Mais ce n’est pas tout. Les analystes belges de iMinds ont comparé les données de Ton avec un fichier contenant des mots de passe ayant fuité. Début novembre, Adobe (la société éditrice du lecteur PDF Acrobat, de Photoshop et du lecteur Flash) a annoncé le piratage d’un fichier contenant 150 millions de noms d’utilisateurs et de mots de passe. Les mots de passe eux-mêmes étaient chiffrés, mais ce n’était pas le cas des indices fournis par les utilisateurs pour les retrouver. Les analystes ont pu voir que certains utilisateurs avaient le même mot de passe que Ton et les indications de mot de passe étaient « punk metal », « astrolux » et « another day in paradise », cela nous mène rapidement au groupe préféré de Ton Siedsma, Strung Out, et au mot de passe « strungout ».

Avec ce mot de passe, ils ont pu accéder aux comptes Twitter, Google et Amazon de Ton. Les analystes ont fourni une capture d’écran de messages direct sur Twitter qui sont normalement protégés, ce qui signifie qu’ils pouvaient voir avec qui Ton communiquait secrètement. Ils ont aussi montré quelques paramètres de son compte Google. Ils pouvaient aussi commander des choses via le compte Amazon de Ton — ce qu’ils n’ont pas fait. Les analystes voulaient simplement montrer à quel point il était facile d’accéder à des données très sensibles avec juste quelques informations.

Ce que nous avons fait dans cet article est un jeu d’enfant comparé aux possibilités des agences de renseignement (surveillance). Nous nous sommes surtout concentrés sur les métadonnées, que nous avons analysées avec des logiciels basiques. Nous nous sommes empêché de réaliser des investigations supplémentaires à l’exception de l’utilisation de la base de donnée fuitée d’Adobe.

De plus, cette expérimentation était limitée à une semaine. Une agence de renseignement a des métadonnées sur bien plus de personnes et sur une période bien plus longue avec des outils bien plus avancés à sa disposition. Les fournisseurs d’accès internet et les prestataires de services en ligne sont obligés par la loi Néerlandaise de conserver les métadonnées pendant au moins 6 mois.

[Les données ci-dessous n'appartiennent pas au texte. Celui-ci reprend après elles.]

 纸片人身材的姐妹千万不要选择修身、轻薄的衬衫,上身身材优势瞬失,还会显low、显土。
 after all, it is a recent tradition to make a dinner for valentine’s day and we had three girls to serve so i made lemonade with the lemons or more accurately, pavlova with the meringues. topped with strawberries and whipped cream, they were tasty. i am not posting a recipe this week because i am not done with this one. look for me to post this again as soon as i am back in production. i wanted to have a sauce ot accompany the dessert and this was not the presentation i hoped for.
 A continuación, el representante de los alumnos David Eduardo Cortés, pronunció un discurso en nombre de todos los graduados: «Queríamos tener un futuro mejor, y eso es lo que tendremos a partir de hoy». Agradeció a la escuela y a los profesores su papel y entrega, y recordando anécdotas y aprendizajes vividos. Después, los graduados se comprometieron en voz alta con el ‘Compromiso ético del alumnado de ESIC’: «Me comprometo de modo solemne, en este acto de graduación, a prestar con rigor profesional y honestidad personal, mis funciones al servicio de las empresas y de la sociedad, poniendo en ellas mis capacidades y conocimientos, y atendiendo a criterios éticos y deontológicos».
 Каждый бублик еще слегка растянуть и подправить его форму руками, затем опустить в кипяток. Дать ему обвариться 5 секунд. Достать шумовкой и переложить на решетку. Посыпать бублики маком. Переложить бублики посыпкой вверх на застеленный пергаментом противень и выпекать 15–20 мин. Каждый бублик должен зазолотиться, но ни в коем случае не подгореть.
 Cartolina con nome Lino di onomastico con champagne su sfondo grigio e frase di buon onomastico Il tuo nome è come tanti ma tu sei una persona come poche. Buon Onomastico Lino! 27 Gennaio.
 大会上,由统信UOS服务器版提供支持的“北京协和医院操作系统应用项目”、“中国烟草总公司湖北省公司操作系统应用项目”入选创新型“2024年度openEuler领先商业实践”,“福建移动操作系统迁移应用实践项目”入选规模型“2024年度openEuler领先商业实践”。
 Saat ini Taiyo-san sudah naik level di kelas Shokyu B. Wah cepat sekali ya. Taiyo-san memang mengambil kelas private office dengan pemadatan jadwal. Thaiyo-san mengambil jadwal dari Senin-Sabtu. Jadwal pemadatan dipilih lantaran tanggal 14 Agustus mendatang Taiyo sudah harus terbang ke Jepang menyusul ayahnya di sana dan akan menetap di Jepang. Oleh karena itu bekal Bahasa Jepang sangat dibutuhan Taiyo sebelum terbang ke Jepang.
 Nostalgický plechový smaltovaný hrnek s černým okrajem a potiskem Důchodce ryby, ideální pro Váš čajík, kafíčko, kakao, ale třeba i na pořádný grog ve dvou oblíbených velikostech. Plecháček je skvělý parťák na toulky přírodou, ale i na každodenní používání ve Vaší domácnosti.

La police et les agences de renseignement n’ont aucune difficulté pour demander et recevoir ce type de données.

La prochaine fois que vous entendrez un officiel, un expert en sécurité, un responsable des services de renseignement dire « Oh, mais il s’agit seulement de métadonnées », pensez à Ton Siedsma, l’homme sur qui vous savez tellement, seulement parce qu’il a partagé une semaine de métadonnées avec nous.